Isolated critical points and the Milnor number I was looking at the Wikipedia page of the Milnor number found here, and specifically tried to work through proving for myself one of its stated properties. It mentions the Milnor number is finite if and only if the origin is an isolated critical point.
Now it seems someone gave the proof for this as part of an answer here, but it is going completely over my head. For one, I do not understand the seemingly "obvious" relation how the origin being an isolated critical point implies the radical of the Jacobian ideal $J_f$ to be maximal, and vice versa. Furthermore I also don't quite get why the definition of a radical ideal leads right into $\mu(f) < \infty$. I understand as intersection of prime ideals this must mean there aren't any more prime ideals between $J_f$ and $\mathfrak{m}$ but then what?
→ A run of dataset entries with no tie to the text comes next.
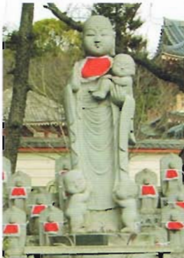
水子観音様は龍谷寺の境内南側の道路に面した所にお祀りしており、いつでもご自由に参拝できます。

年に一度の水子様の供養を行います。心の中に薄縁の水子様のが気になる方、さまざまなきご供養を供養できずにいる方、ぜひこの機会に供養をおすすめていただきます。
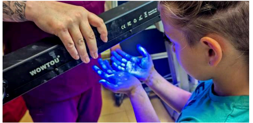
Démonstration de lumière fluorescente révélant de faux germes
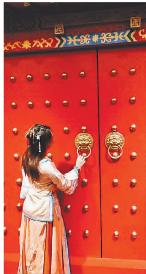
酒店特色设计让人“一秒穿越”。
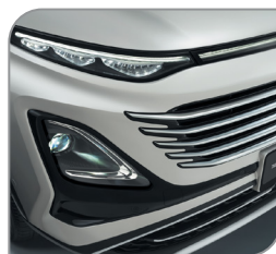
Автоматический свет фар с регулировкой по высоте и задержкой выключения
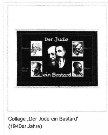
Abbildung 2 | Quelle: http://de.metapedia.org/wiki/J%C3%BCdische_Rasse (abgerufen am 6. März 2018)

Darstellung der Rassenmischung der Juden in „Das Judentum, seine blutsgebundene Wesensart in Vergangenheit und Gegenwart“:
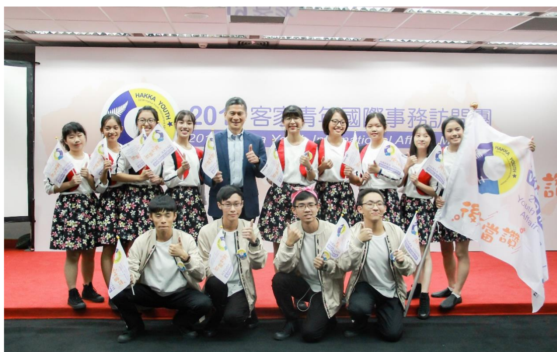
（授旗典禮上李永得主委給與客家後生們滿滿的祝福。
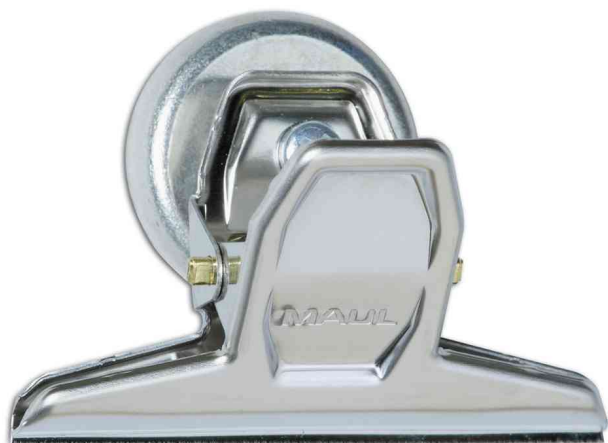
Pince-lettres MAULpro avec aimant
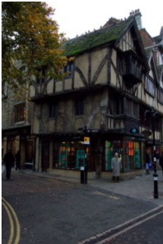
Foto 30. Die gerestoureerde Middeleeuse woning word bewaar as tasbare getuienis van vroeë sosiale en kultuurlewe in Oxford en terselfdertyd volhoubaar benut in 'n moderne stadsomgewing Terug na Inhoud
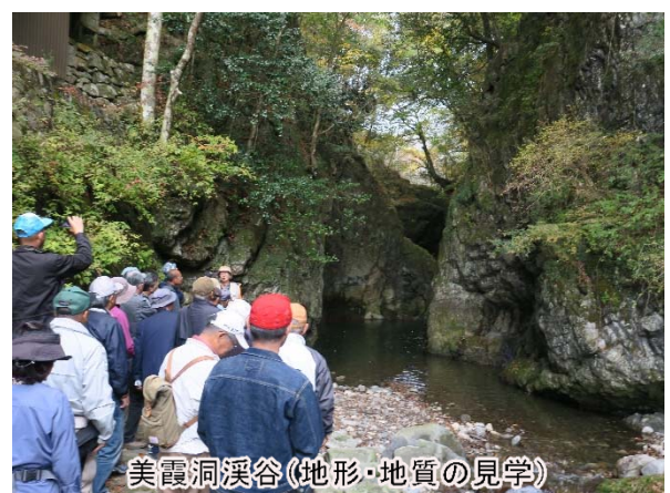
美霞洞溪谷(地形・地質の見学)

 A: Recall the order-reversing bijection between ideals and closed subschemes in an affine scheme given by taking $V(-)$ and $I(-)$. If we have two ideals $I_1,I_2$, then the topological spaces underlying $V(I_1)$ and $V(I_2)$ are the same iff $\sqrt{I_1}=\sqrt{I_2}$.  If the subschemes associated to the Jacobian ideal $J_f$ and the maximal ideal $\mathfrak{m}_0$ inside $\mathcal{O}_{\Bbb A^n,0}$ have the same underlying topological space (the unique closed point of that spectrum), we see that they must have the same radical, and vice-versa. As the maximal ideal is radical, this means that $\sqrt{J_f}=\mathfrak{m}_0$ is equivalent to the underlying topological spaces being the same, or the Jacobian ideal having an isolated zero at the origin.
To demonstrate that the closed subschemes associated to the maximal ideal and $J_f$ really do determine the same underlying topological space in $\operatorname{Spec}\mathcal{O}_{\Bbb A^n,0}$, let's remember what the points of that space are. The points of $\operatorname{Spec} \mathcal{O}_{\Bbb A^n,0}$ are in bijection with reduced irreducible closed subschemes of $\Bbb A^n$ passing through $0$. $J_f$ having a non-isolated zero at the origin would exactly mean that it vanishes on some positive-dimensional closed subscheme through the origin, which is equivalent to $V(J_f)\subset \operatorname{Spec} \mathcal{O}_{\Bbb A^n, 0}$ containing a point other than the unique closed point of $\operatorname{Spec}\mathcal{O}_{\Bbb A^n,0}$.
Alternatively, from the comments: Suppose $\sqrt{J_f}\neq \mathfrak{m}$. Then by the characterization of the radical of $J_f$ as the intersection of all prime ideals containing $J_f$, we can find a prime ideal $I$ between $J_f$ and $\mathfrak{m}$, that is $J_f\subset I \subsetneq \mathfrak{m}$. Taking varieties of this, we get that $V(J_f)\supset V(I)\supsetneq V(\mathfrak{m})$ where $V(I)$ is some irreducible subvariety properly containing $V(\mathfrak{m})$, the origin. This means that there's some curve through the origin on which $J_f$ vanishes, so the origin is not an isolated zero of $V(J_f)$.
As for why $\sqrt{J_f}=\mathfrak{m}_0$ implies that $\mu_f < \infty$, consider the standard generating set for $\mathfrak{m}_0\subset \mathcal{O}_{\Bbb A^n,0}$ given by $x_1,\cdots,x_n$. Then by the definition of the radical of an ideal, we have that for each $i$, we have there exists an positive integer $e_i$ with $x_i^{e_i}\in J_f$. So the monomials $\prod x_i^{d_i}$ with $0\leq d_i < e_i$ form a spanning set of $\mathcal{O}_{\Bbb A^n,0}/J_f$ as a vector space, which implies it's finite dimensional.
Alternatively, one may use the proof from the comments: $\mathcal{O}_{\Bbb A^n,0}/J_f$ is a $0$-dimensional local ring, which is Artinian. As an Artinian ring over a field is finite-dimensional, this also proves the claim.